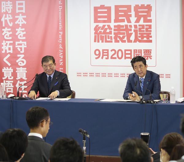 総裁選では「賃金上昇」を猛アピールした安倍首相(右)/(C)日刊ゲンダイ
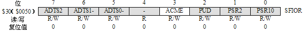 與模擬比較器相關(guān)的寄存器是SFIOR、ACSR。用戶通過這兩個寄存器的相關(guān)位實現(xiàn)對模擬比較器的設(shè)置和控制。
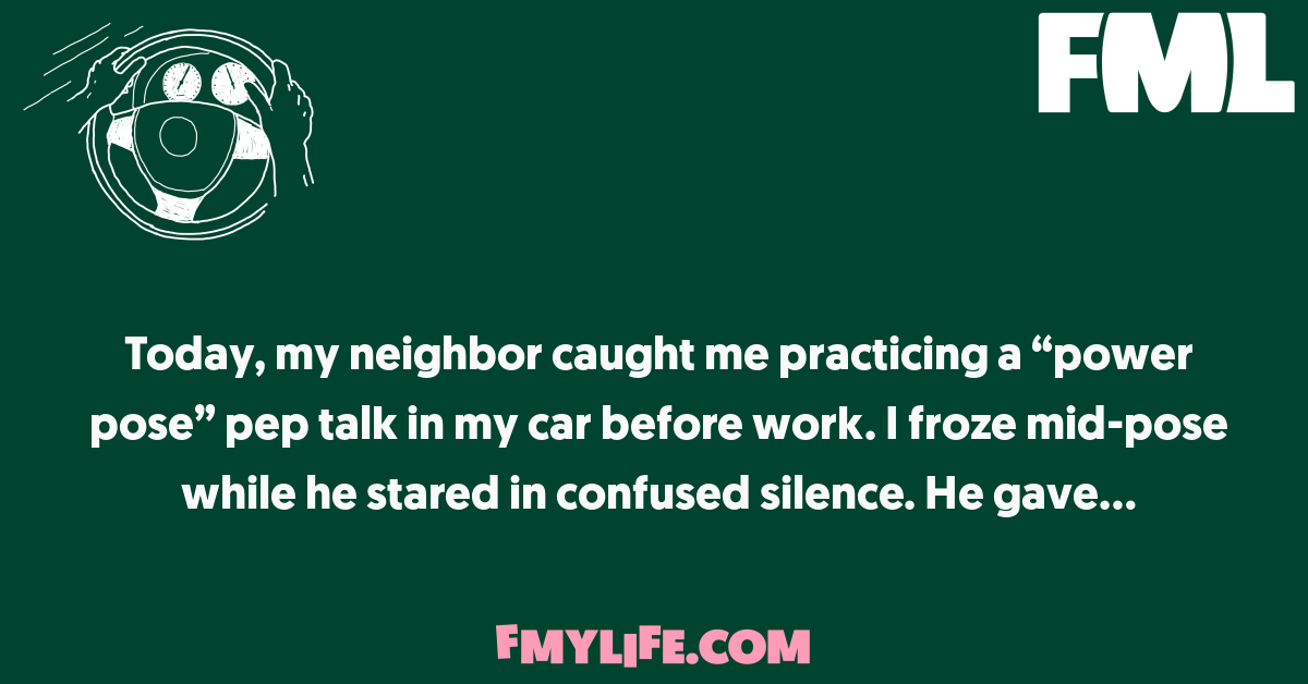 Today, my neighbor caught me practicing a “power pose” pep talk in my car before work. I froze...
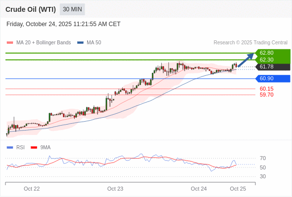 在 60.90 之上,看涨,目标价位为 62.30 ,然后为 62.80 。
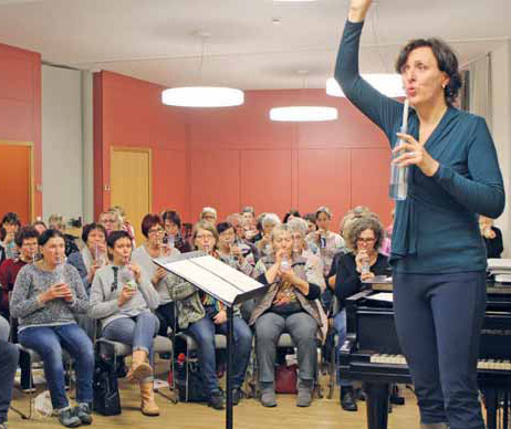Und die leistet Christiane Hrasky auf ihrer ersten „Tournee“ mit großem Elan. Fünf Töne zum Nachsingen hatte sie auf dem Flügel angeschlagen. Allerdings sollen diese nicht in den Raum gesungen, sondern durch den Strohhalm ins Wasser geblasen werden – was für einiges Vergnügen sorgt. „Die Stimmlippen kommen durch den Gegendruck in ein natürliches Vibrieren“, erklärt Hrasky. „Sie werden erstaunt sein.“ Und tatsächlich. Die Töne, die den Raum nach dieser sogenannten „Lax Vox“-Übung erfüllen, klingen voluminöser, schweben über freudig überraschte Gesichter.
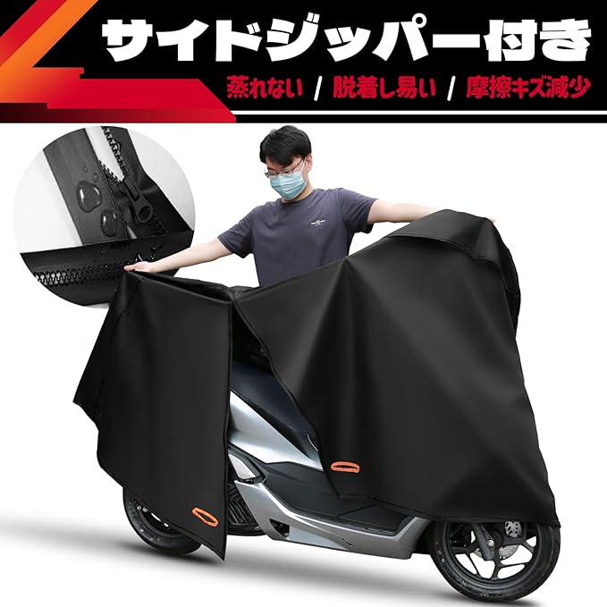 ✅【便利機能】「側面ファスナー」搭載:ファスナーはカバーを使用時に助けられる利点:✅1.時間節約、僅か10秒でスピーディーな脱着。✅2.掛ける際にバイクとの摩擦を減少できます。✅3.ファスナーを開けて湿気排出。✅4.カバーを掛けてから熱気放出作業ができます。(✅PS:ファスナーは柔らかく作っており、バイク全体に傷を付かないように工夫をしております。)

* * * * *

▸ **PROBLEM TO SOLVE**
Omit the pictures, then print the rest of the listing above exactly.

▸ **EXPECTED OUTPUT**
 総裁選では「賃金上昇」を猛アピールした安倍首相(右)/(C)日刊ゲンダイ
 與模擬比較器相關(guān)的寄存器是SFIOR、ACSR。用戶通過這兩個寄存器的相關(guān)位實現(xiàn)對模擬比較器的設(shè)置和控制。
 Today, my neighbor caught me practicing a “power pose” pep talk in my car before work. I froze...
 在 60.90 之上,看涨,目标价位为 62.30 ,然后为 62.80 。
Und die leistet Christiane Hrasky auf ihrer ersten „Tournee“ mit großem Elan. Fünf Töne zum Nachsingen hatte sie auf dem Flügel angeschlagen. Allerdings sollen diese nicht in den Raum gesungen, sondern durch den Strohhalm ins Wasser geblasen werden – was für einiges Vergnügen sorgt. „Die Stimmlippen kommen durch den Gegendruck in ein natürliches Vibrieren“, erklärt Hrasky. „Sie werden erstaunt sein.“ Und tatsächlich. Die Töne, die den Raum nach dieser sogenannten „Lax Vox“-Übung erfüllen, klingen voluminöser, schweben über freudig überraschte Gesichter.
 ✅【便利機能】「側面ファスナー」搭載:ファスナーはカバーを使用時に助けられる利点:✅1.時間節約、僅か10秒でスピーディーな脱着。✅2.掛ける際にバイクとの摩擦を減少できます。✅3.ファスナーを開けて湿気排出。✅4.カバーを掛けてから熱気放出作業ができます。(✅PS:ファスナーは柔らかく作っており、バイク全体に傷を付かないように工夫をしております。)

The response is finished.